A caveat of the analysis presented is that although dermal denticles themselves are quite stiff, the underlying epidermis (Fig. 7) is compliant, which allows some motion of the denticles (Motta et al., 2012). Although the spinules were treated individually with respect to friction, they are affixed to the lamellae, which are appreciably larger (1–10 mm) than individual denticles (100–300 μm). Thus, it seems somewhat unlikely that individual spinules could burrow deeply between denticles. However, if the denticles were forced erect under the influence of the remora's suction, similar to how remora are known to disturb their attachment site on a scaly hosts (Schwartz, 1977, 1992), this could have the effect of further increasing the roughness of the surface, which could result in increased friction coefficients based on the analysis presented. This may help to explain some of the attachment site fidelity observed in remoras (Strasburg, 1962).
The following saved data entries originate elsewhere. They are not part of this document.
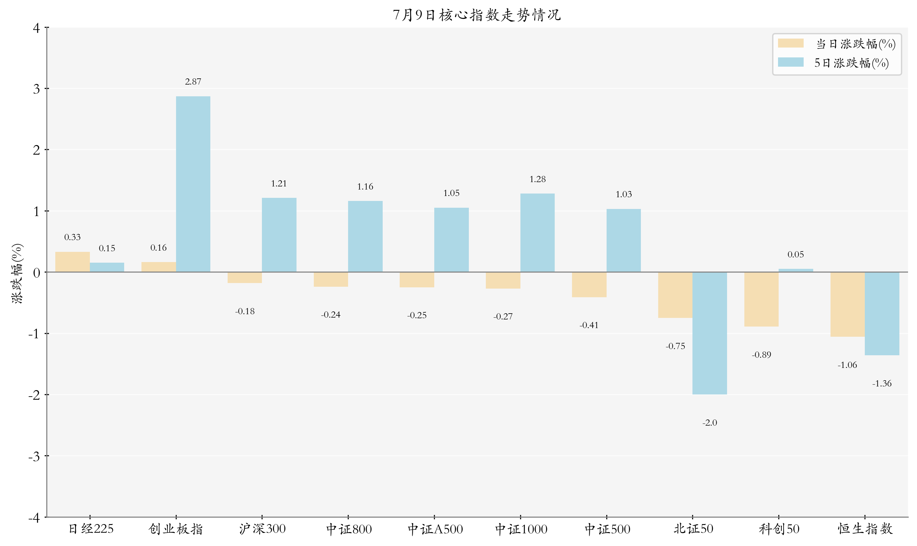 统计A股与海外主要核心指数走势,今日(7月9日,下同)三大指数涨跌不一,其中上证指数下跌0.13%,收于3493.05点,日内最高3512.67点;深证成指下跌0.06%,收于10581.8点,日内最高10656.58点;创业板指上涨0.16%,收于2184.67点,日内最高2204.64点。今日日经225、创业板指与沪深300走势排名靠前,日涨跌幅分别为0.33%、0.16%与-0.18%;近5个交易日创业板指、中证1000与沪深300的走势排名靠前,近5日涨跌幅分别为2.87%、1.28%与1.21%。
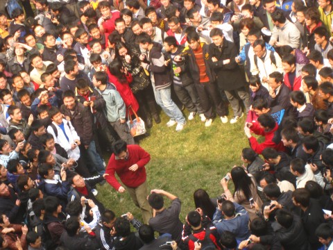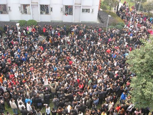 到今日中午,更有上千名“慕名”前來(lái)的校內(nèi)外學(xué)生在女生所指定的樓下“圍觀”,等待著膽大的男生前來(lái)呼叫女主角,附近學(xué)校甚至有學(xué)生“組團(tuán)”前往,并不斷有網(wǎng)友上網(wǎng)發(fā)帖報(bào)告事件進(jìn)展。據(jù)網(wǎng)帖稱,稍后有一穿紅衣男子前來(lái)表白,將現(xiàn)場(chǎng)引向高潮。
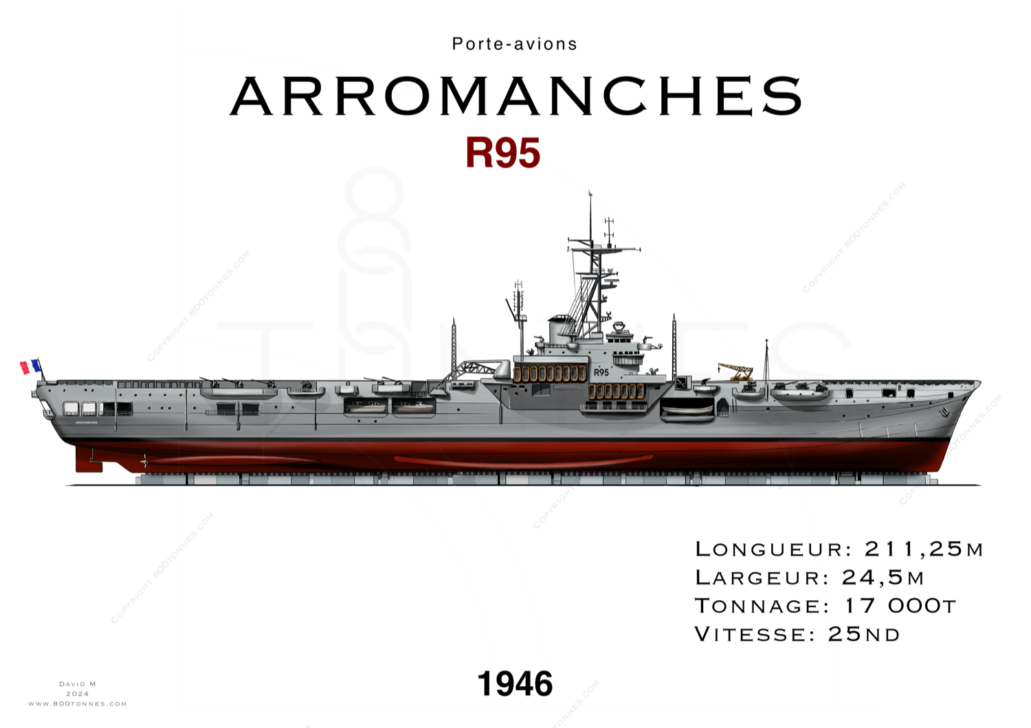 Une affiche représentant le profil du porte-avions R95 Arromanches
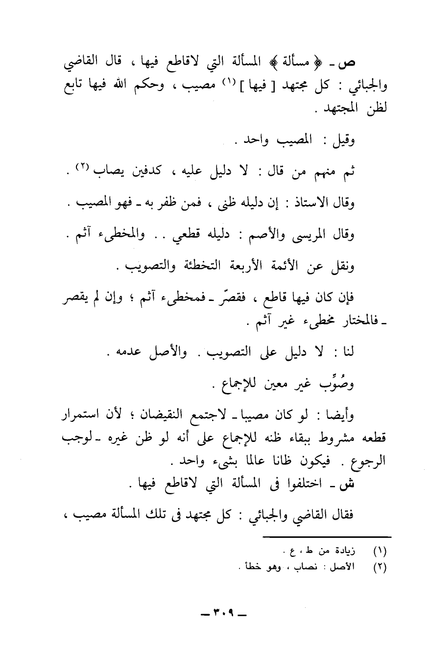 ص - (مَسْأَلَةٌ) : الْمَسْأَلَةُ الَّتِي لَا قَاطِعَ فِيهَا، قَالَ الْقَاضِي وَالْجِبَائِيُّ: كُلُّ مُجْتَهِدٍ فِيهَا مُصِيبٌ، وَحُكْمُ اللَّهِ فِيهَا تَابِعٌ لِظَنِّ الْمُجْتَهِدِ.
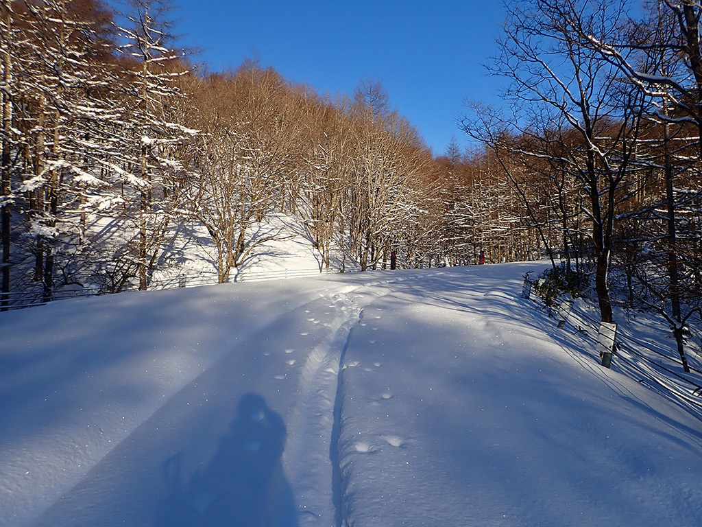 道路にトレースがあることを確認。でないとビーナスラインの下りが下りラッセルになってしまいますので。
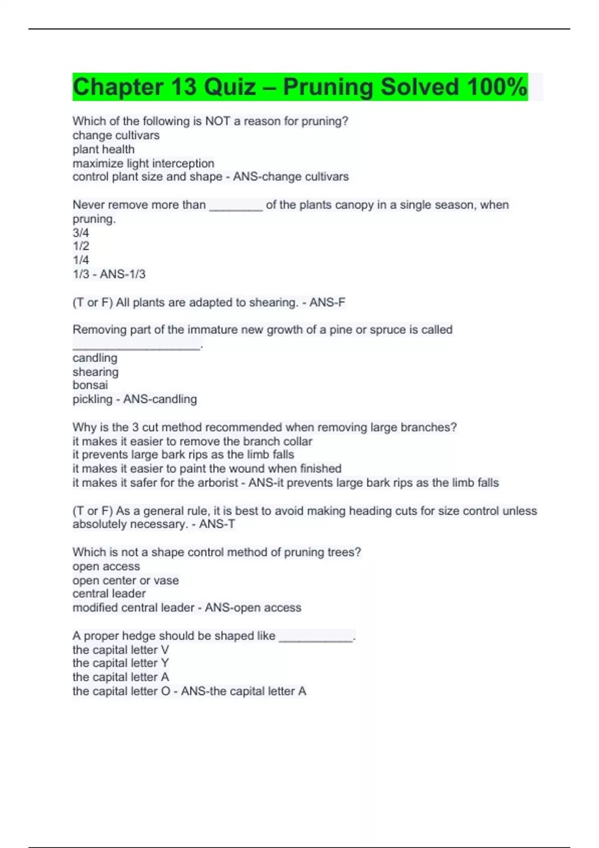 chapter 13 quiz pruning solved 100

Finally, although this work is focused solely on the friction created by spinules on relatively hard/rough surfaces, it remains that soft tissue from the remora pad also makes contact with the host surface in nature. When a material with viscoelastic properties like remora soft tissue (Culler et al., 2014) makes contact with a rough surface, the resulting friction is often a function of the energy dissipation mechanisms associated with deformation of the soft material by the rough surface asperities (Persson, 1998). These effects were minimized here as the fixing process prevented contact between the soft tissue and test substrates, but in the wild, such interactions would further increase the ability of remora to remain attached to a surface. However, despite neglecting these effects, the ability of the spinules to enhance friction on rough surfaces demonstrates one manner in which the remora's attachment system is able to respond to uncertain attachment site conditions. Thus, the adaptation of spinules is one reason among many as to why remora can maintain attachment to such a wide variety of hosts.